Lakemba is represented in the Legislative Assembly (lower house) by the premier, Morris Iemma. This is Iemma's first election. He came to his position after the previous premier resigned. Opinion polls show Labor (Iemma's party) in the lead. The opposition Liberal Party (actually it's a misnomer because they are conservatives) has been out of power for 12 years but despite that the polls show them trailing the Labor Party.

At the polling station (see picture) several party representatives are visible handing out how-to-vote cards. No Greens representative, unfortunately.


The polling slip for the Legislative Assembly is a slim piece of yellow paper that you could fold once and put in your pocket. For the Legislative Council (upper house), however, the polling slip is a huge sheet of white paper. There are two ways to select members of the Legislative Council. You can either place a number in the box 'above the line' (to select a political party) or you can choose instead to vote for individual candidates by putting numbers in the great number of boxes located 'below the line'.

I chose to select a political party by putting numbers in the boxes 'above the line'.

Polling stations opened at 8am and will close at 6pm.
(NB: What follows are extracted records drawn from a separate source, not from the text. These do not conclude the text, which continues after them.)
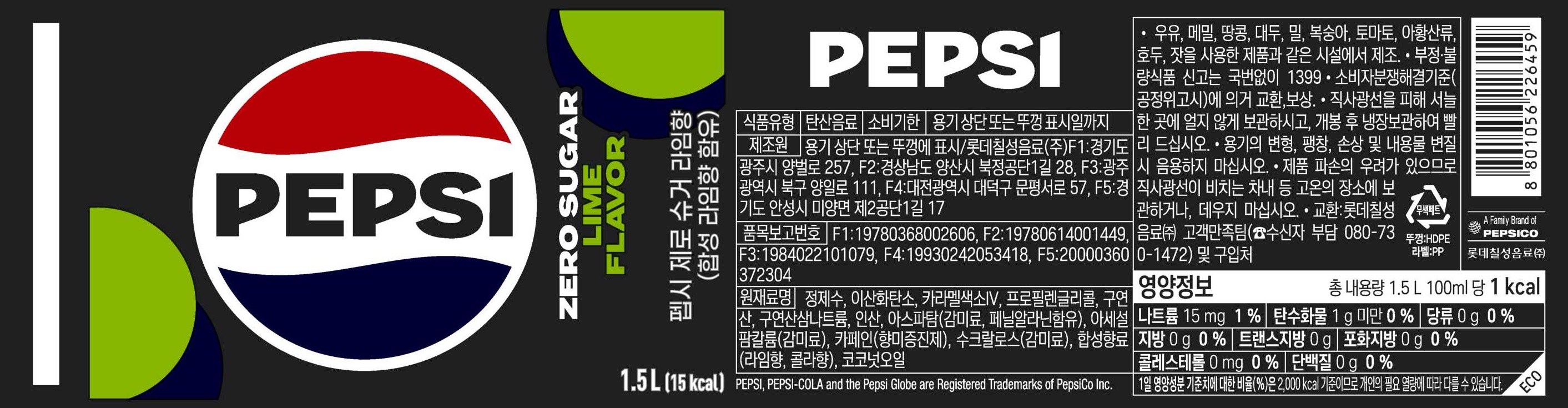 | 제품명 | 팹시 제로 슈거 라임향 | 식품의 유형 | 컨텐츠 참조 |
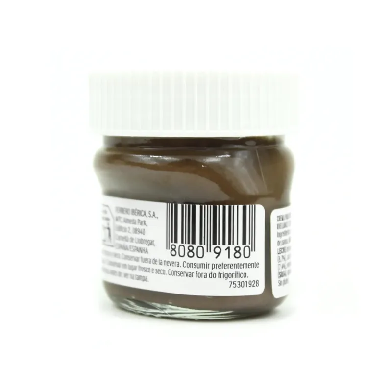 Si buscas un detalle para los invitados de Comunión que combine originalidad, personalización y buen gusto, esta mini Nutella es la opción ideal. Gracias a su pegatina personalizada en la tapa con un diseño exclusivo para la ocasión, podrás agregar un toque único y especial a cada tarrito. Además, su práctico tamaño hace que sea un regalo fácil de llevar y perfecto para cualquier presentación.
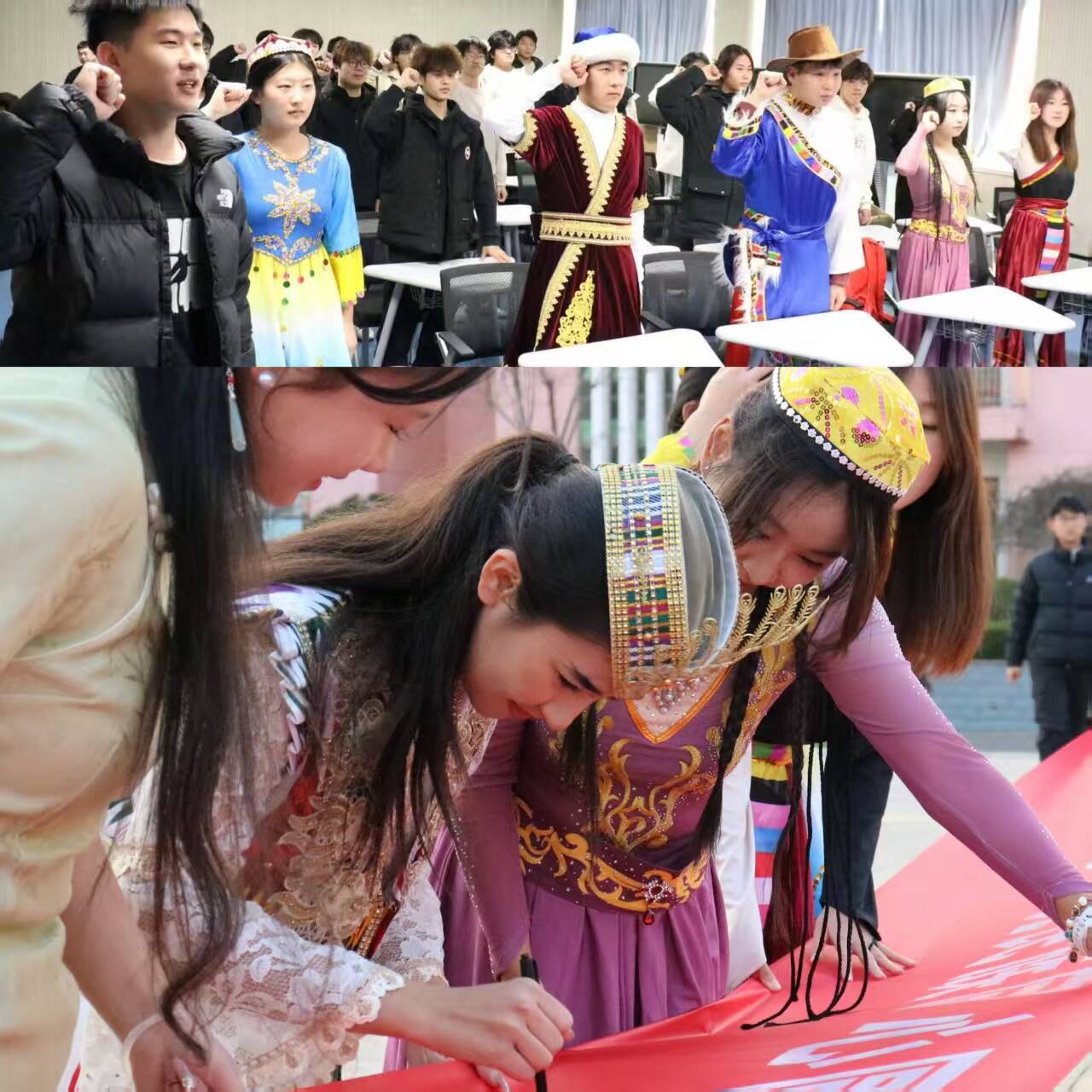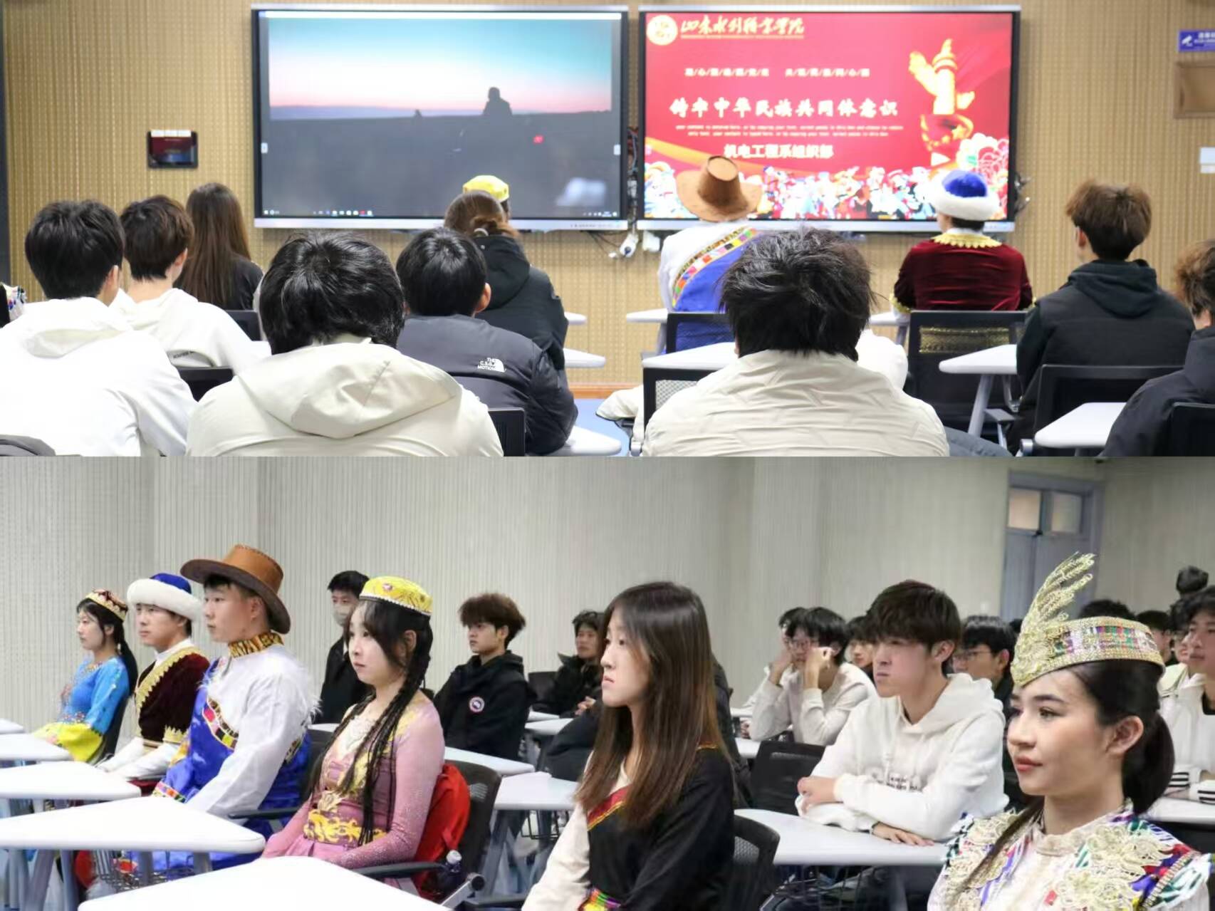 活动伊始,同学们共同观看主题视频。视频中既有民族团结模范的感人事迹、各民族共庆佳节的鲜活场景,也有脱贫攻坚路上的民族互助故事,直观展现了中华民族共同体建设的丰硕成果。大家从中领略各民族独特的习俗、语言与生活风貌,深刻体会 “五十六个民族要像石榴籽一样紧紧抱在一起” 的深刻内涵,进一步增强了对民族团结的认同感与使命感。

Tonight there will be election coverage on TV. I will be able to view it on my new, wide-screen digital LCD unit because today there's a team of technicians installing a digital aerial on our apartment block.

Watching election results come in from the hundreds of polling stations around the state is fascinating.

New South Wales is one of the oldest democratic entities in the world, with a Legislative Council, having been established in 1825, opened partially to elected representation in 1842.